We might expect the Hudsonian Godwit to fly faster, because it is able to feed during its
journey. The Bar-tailed Godwit will need to minimize energy cost per unit distance, as it
must cover a great distance without feeding. The Hudsonian Godwit does not have this
concern, as it can easily seek a “pit stop” if its energy stores begin to run low.
15. Suppose the heat of metabolism is 2,681.7 J/h, and the heat lost by evaporation is
160.2 J/h. At a body temperature of 40.8 C and an ambient temperature of 15 C, what is
the heat transfer coefficient?
h=(Hm-He)/(Tb-Ta)
(2,681.7 – 160.2)/(40.8-15)
97.73 J/oC
16. What physiological parameters might we expect to change in a person who
undergoes endurance training?
Higher VO2 Max, Higher levels of muscle citrate synthase activity, higher levels of
muscle cytochrome oxidase activity, higher levels of testerone in males.
17. Many people who feed birds in their backyard will put out suet (beef fat) in
addition to seeds for the birds to eat. During the winter months, the birds
consume the suet much more quickly than they do during other times of the year.
Why might this be so in terms of ecological energetics?

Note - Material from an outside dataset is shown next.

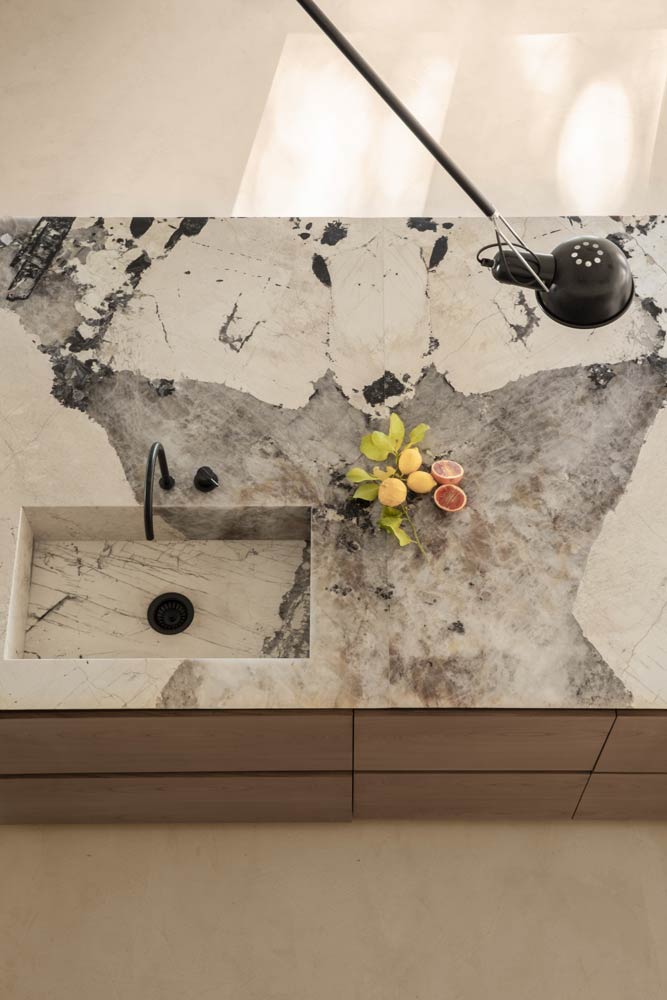 Specifically, the project involved the research and selection of numerous materials, including a distinctive Brazilian granite, seamless surfaces, and handmade terracotta—resulting in a fully custom-made supply.

During the winter, the temperature is very low, and these low temperatures require that
birds expend a lot of energy simply to keep themselves warm, primarily through
shivering. These energetic costs must be balanced by increased energetic intake if a bird
is to survive. The act of foraging itself may expose the bird to harsher
microenvironments, thus it is most beneficial for the bird to minimize the time spent
foraging. To do this, the bird should choose foodstuffs that provide the most energy per
unit weight. Fats are extremely high in energy compared with seeds, or other items that
might be available to birds in the winter. Therefore, birds will preferentially seek suet to
minimize energetic expenditure and maximize energetic gain.